GPUs Are Being Sold as Products, But Operated Like Infrastructure
When customers buy GPU capacity, they are not buying machines. They are buying product guarantees such as:
entitlements (“I paid for 4 H100s”)
SLAs (“low latency, no preemption”)
isolation (“no noisy neighbors”)
compliance (“EU-only, dedicated hardware”)
lifecycle semantics (“scale up, scale down, offboard cleanly”)
But today, those guarantees live in contracts, internal runbooks, tribal knowledge and best-effort operational discipline. They are not encoded into the system. That gap is why GPU platforms struggle with:
noisy neighbors
broken SLAs
unpredictable onboarding
chaotic scaling
compliance gaps
constant manual firefighting
A Control Plane Is Not an Orchestrator
Most GPU platforms assume their “control plane” is Kubernetes, Slurm, or a scheduler. It isn’t. Those systems decide how workloads run. A real control plane decides:
who is allowed to run what
where workloads may be placed
how much capacity a tenant is entitled to
whether a request must be approved
what isolation rules apply
what happens on failure
how data must be retained or destroyed
Those are product and governance decisions, not scheduling decisions.

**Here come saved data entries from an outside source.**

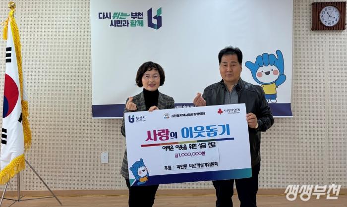 부천시 소사구 괴안동(동장 김정란)은 지난 26일 괴안동 바르게살기위원회(위원장 김동구)로부터 겨울철 취약계층을 위한 ‘사랑의 이웃돕기 성금’ 100만 원을 기탁받았다고 밝혔다.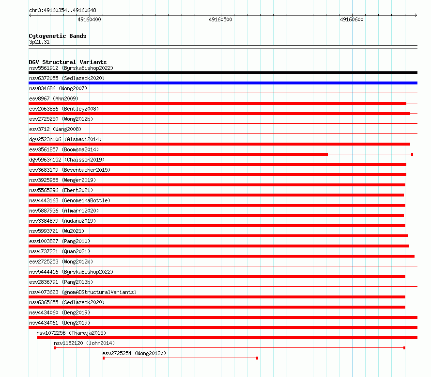 Variant DetailsVariant: essv6947065| Internal ID | 10056949 | | Landmark | | | Location Information | | | Cytoband | 3p21.31 | | Allele length | | Assembly | Allele length | | hg38 | 295 | | hg19 | 295 |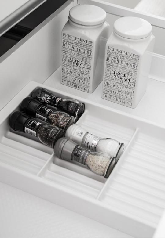 Separado to system wkładek do szuflad z przeznaczeniem na przyprawy. Prosta forma wkładu pozwala na wykorzystanie Separado w szufladach przy niestandardowych szerokościach. Można umieścić jeden lub kilka wkładów z linii Separado w jednej szufladzie w zależności od jej szerokości. Wkład dostępny jest o szerokości 300 mm i głębokości 540 mm. Istnieje możliwość w własnym zakresie docięcia wkładu na głębokość 460 mm. Wkład dostępny jest w kolorze białym.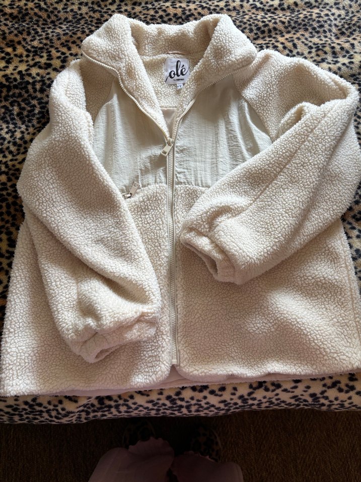 Bu beyaz midi ceket, yüksek yakalı ve uzun kolludur. Yumuşak, peluş kumaştan yapılmış, gevşek kesimli ve fermuarlı. Rahat sokak stili için uygundur.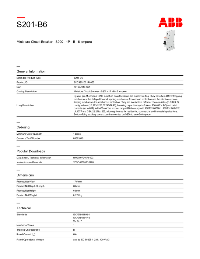 2CDS251001R0065 Wyłącznik automatyczny ABB S201-B6 2CDS251001R0065, 1 styk, 230 V, 6 A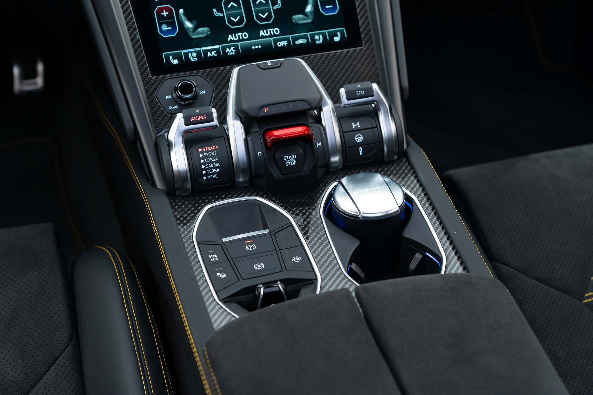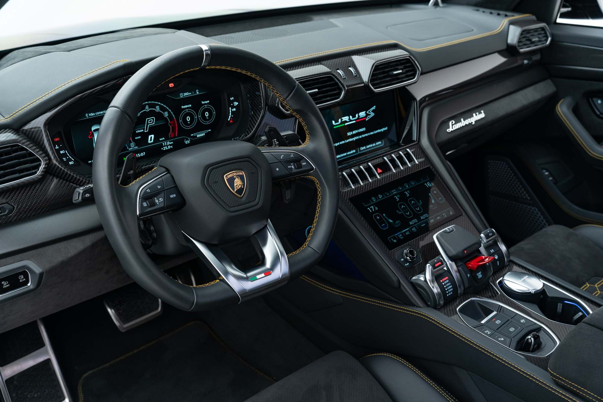 Interior em Alcântara e Couro Nero Ade com costuras em Giallo Taurus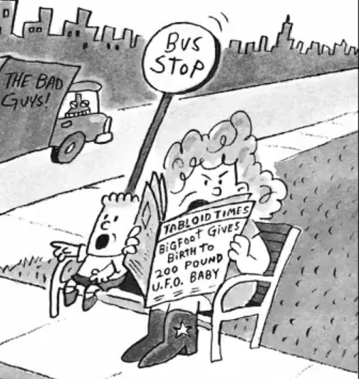 Tabloid Times is the newspaper that a little boy’s mother was reading. The newspaper was seen in The Adventures of Captain Underpants.

The 4-Lane Blueprint for a GPUaaS Control Plane
To make this concrete, I built a BPM-style swimlane blueprint that separates responsibilities into four distinct layers:
Press enter or click to view image in full size

Lane 1 — Northbound Product API / UI
Tenant and admin actions such as:
create tenant
deploy model
request scale-up
change batch size
request GPU sharing
update quotas
offboard tenant
These are product-level intents.
Lane 2 — Product Control Plane
Policy-as-Code • Workflow-as-Code • Lifecycle State Machines
This is the missing layer. It owns:
tenant entitlements and quotas
SLA tiers and isolation rules
admission control
placement policies
privacy and compliance rules
degradation and preemption policies
onboarding and offboarding workflows
Crucially, these are not scripts. They are:
declarative policies
versioned rules
durable workflows
explicit state machines
This is where Policy as Code actually lives.
Lane 3 — Orchestration & Substrate Control
This layer turns control-plane decisions into reality:
Kubernetes
Slurm / Kueue
Gateway API / inference gateways
GPU operators
Helm / Argo CD
Terraform / Ansible
CNI / CSI
It does not decide policy. It only realizes policy.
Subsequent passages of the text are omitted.